KEY POINTS:
Michael Hill International is warning that its first half trading result will be materially below last year's record interim result of $19.5 million.
The latest result, excluding restructure tax benefits, was affected by lower margins and several one-off costs associated with United States acquisitions and internal restructuring, the company said today.
"December sales targets were difficult to achieve in the tough retail conditions we were facing, especially in New Zealand and Canada.
"Margins for the group will be significantly lower for the half due to exchange rate deterioration on inventory purchases and also due to the difficult conditions that necessitated us going on 'sale' in all markets earlier than normal," chairman Michael Hill said.

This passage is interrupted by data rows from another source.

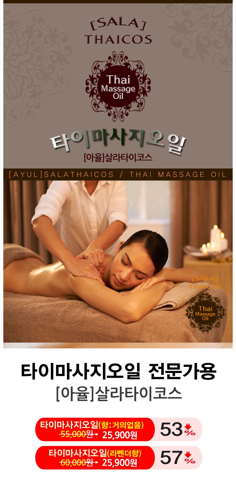 "아유라피" 타이마사지오일은 전통 타이마사지 노하우가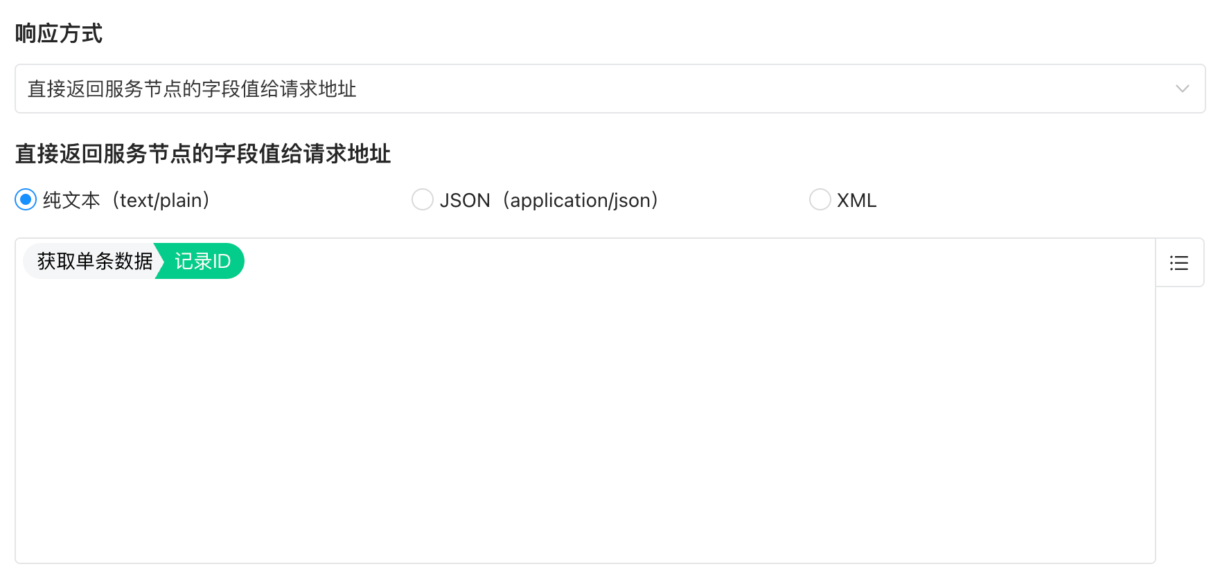 - **直接返回服务节点的字段值給请求地址:**将所选节点的字段值结果立即返回給请求方,支持选择返回格式,服务执行时间30s以内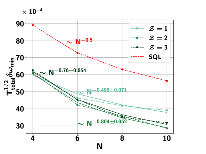 Variation of uncertainity in the magentic field with system-size N. Lower the better.
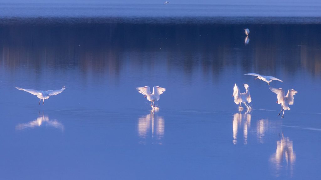 ‘The Great Egret Dance’ by Libby W, Adult SLR Winner (Oceans, Wetlands and Rivers).

"A conscious decision was made to target sales at the expense of margins due to the uncertainties of the current economic climate. Managing inventories and cash flow was seen as a priority."
Sales figures published today show Australian same store sales up 1.2 per cent to A$113.7m ($137.7m) for the six months to the end of December, although in New Zealand dollar terms the increase was 5.7 per cent.

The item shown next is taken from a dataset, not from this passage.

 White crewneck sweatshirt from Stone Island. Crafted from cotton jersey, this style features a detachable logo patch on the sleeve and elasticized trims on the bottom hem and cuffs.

In this country same store sales fell 9.3 per cent to $48m. In Canada they fell 10.4 per cent to $C10.1m ($14.6m), while in NZ dollar terms the Canadian fall was 3.8 per cent.
Total same store sales rose 1 per cent to $198.9m, with the total for all stores up 8.7 per cent to $226.9m. The half year result will be released on February 20.
MHI shares were down 2c to 55c around mid-afternoon today.